The earliest records are called proprietors’ records. After the proprietors sold their lands, the town clerk was the principal local record keeper. Town records generally begin with the founding of a town and are kept to the present.
Town records may contain records of births, marriages, burials, cemeteries, appointments, earmarks, estrays (records of stray animals), freemen’s oaths (men eligible to vote), land records, mortgages, name changes, care of the poor, school records, surveys, tax lists, town meeting minutes, voter registrations, and warnings out (of town). Birth, marriage, and death information found in town records is described further in the “Vital Records” section of this outline.

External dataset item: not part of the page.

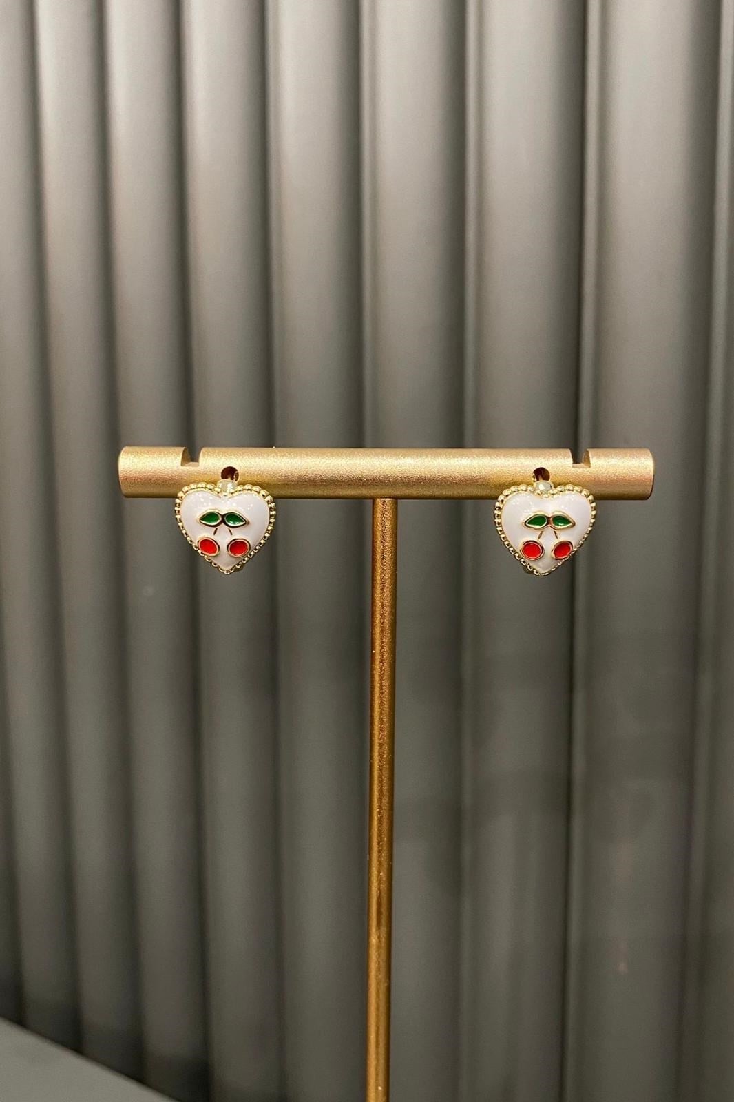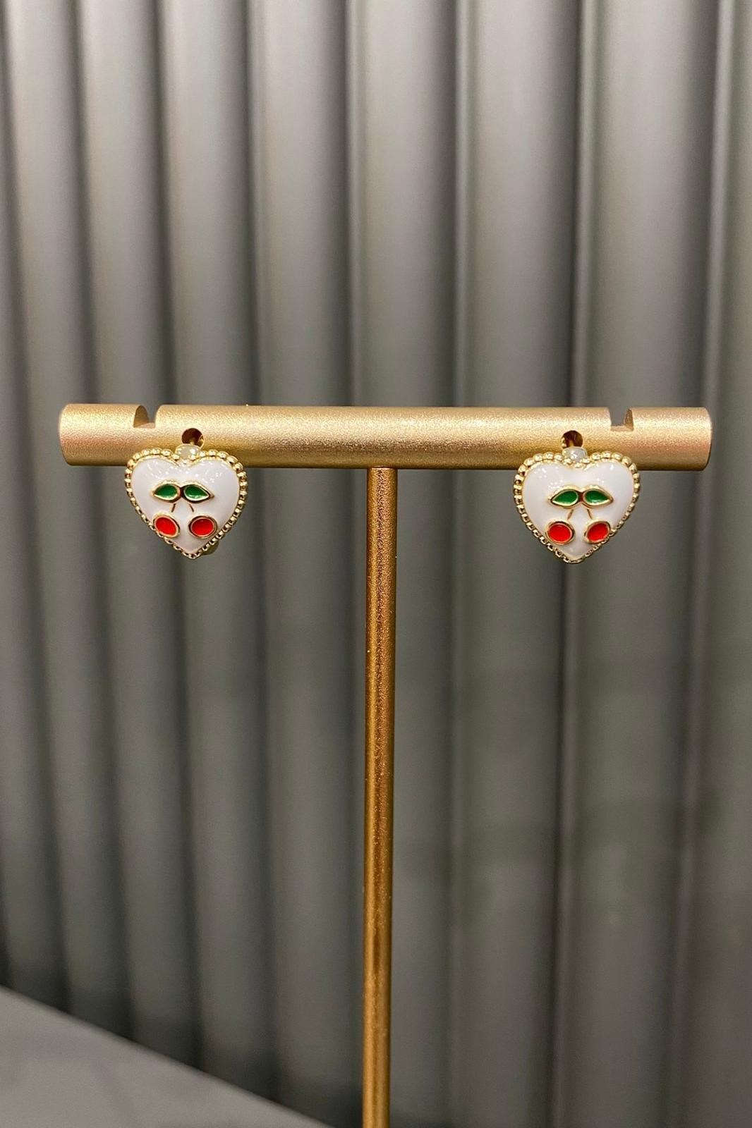 BEYAZ MİNELİ KALP KİRAZ KÜPE (26GBY65065)

A unique section of the town records of northern New England are the records of warnings out. Warnings out permitted local authorities to issue warrants requiring newcomers to leave town. The town was responsible for all the inhabitants, and if a person or family moved into town who could not qualify as a desirable member of the town or show personal means of support, they could be warned out by a warrant from the town constable. Warnings out in Vermont can be found as early as 1768 and as late as 1818. The original records were kept by the town clerk of each town, but information and lists have been published. For more information, see:
Rollins, Alden M. Vermont Warnings Out. Two Volumes. Camden, Maine: Picton Press, 1995-97. (FHL book 974.3 N2r.) The records show the date the warning was given by the constable and the names of the family members involved. The book is arranged by county, then the dates are listed with the names of those for whom the warrant was issued. Volume 1 covers the northern counties, volume 2 covers the southern counties. There is an addendum in volume 2 for records recently found in the northern counties. Each volume is individually indexed.
Locating town records
Some town records can be found at the Vermont Public Records Division. They also have inventories of Vermont town records.

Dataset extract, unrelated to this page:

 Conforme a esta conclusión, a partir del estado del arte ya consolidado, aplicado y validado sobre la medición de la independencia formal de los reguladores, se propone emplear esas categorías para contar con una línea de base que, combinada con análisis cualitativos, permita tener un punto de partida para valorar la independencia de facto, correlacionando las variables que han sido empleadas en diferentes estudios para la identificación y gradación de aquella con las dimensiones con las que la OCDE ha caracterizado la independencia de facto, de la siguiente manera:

Town historians are an important source for town records. Each Vermont town has a town historian who usually has many books and manuscripts that have never been published. These records contain information not found elsewhere. The town historians are those who probably know more about the townspeople and their records than anyone else. Since the historian changes from time to time, the current one can be found by contacting the town librarian and asking for the name of the town historian.
Specific information and records for each town can be found in the Family History Library Catalog by using a Place Search under:
VERMONT- TOWN RECORDS
VERMONT, [COUNTY]- TOWN RECORDS
VERMONT, [COUNTY], [TOWN]- TOWN RECORDS
For a book that gives a detailed description of 18 kinds of town records, shows some examples, and tells how they help family history researchers, see:
Lainhart, Ann S. Digging for Genealogical Treasure in New England Town Records. Boston, Massachusetts: New England Historic Genealogical Society, 1996. (FHL book 974 N2L.) Includes indexes to persons and places.